● Data
▬▬▬▬▬▬

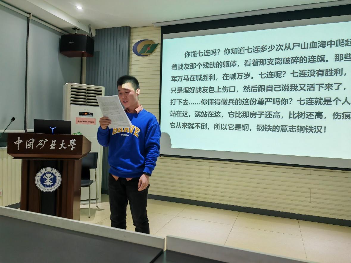 活动下半场,刘秉锋同志带领同学们回顾抗美援朝战争的艰难过程。这一场战役为我国从站起来到强起来奠定了坚实基础,提高了新中国的国际地位。其次,林自强同志朗诵了《士兵突击》第十五集台词节选,让同学们感受到了士兵钢铁般的意志。接着,刘秉锋同志为同学们介绍了现如今我国的战备,并强调经济发展才是强军的重要条件,我国的科学家们也为实现强军目标付出了巨大的努力。最后,孙洁雅同学朗诵了《感动中国》给钱学森的颁奖词。
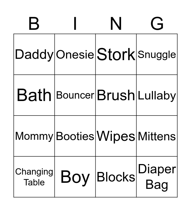 This bingo card has a free space and 15 words: Changing Table, Diaper Bag, Stork, Daddy, Lullaby, Bath, Booties, Blocks, Bouncer, Mommy, Mittens, Snuggle, Brush, Onesie and Boy.
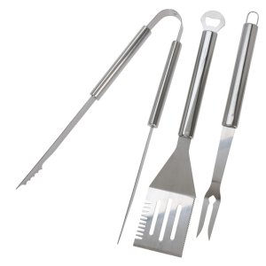 3dílná sada grilovacího náčíní obsahuje kleště, obracečku a vidličku z nerez oceli.

▬▬▬▬▬▬

● Work item
For the data above, return an exact copy that contains no pictures.

● Exercise answer
 活动下半场,刘秉锋同志带领同学们回顾抗美援朝战争的艰难过程。这一场战役为我国从站起来到强起来奠定了坚实基础,提高了新中国的国际地位。其次,林自强同志朗诵了《士兵突击》第十五集台词节选,让同学们感受到了士兵钢铁般的意志。接着,刘秉锋同志为同学们介绍了现如今我国的战备,并强调经济发展才是强军的重要条件,我国的科学家们也为实现强军目标付出了巨大的努力。最后,孙洁雅同学朗诵了《感动中国》给钱学森的颁奖词。
 This bingo card has a free space and 15 words: Changing Table, Diaper Bag, Stork, Daddy, Lullaby, Bath, Booties, Blocks, Bouncer, Mommy, Mittens, Snuggle, Brush, Onesie and Boy.
 3dílná sada grilovacího náčíní obsahuje kleště, obracečku a vidličku z nerez oceli.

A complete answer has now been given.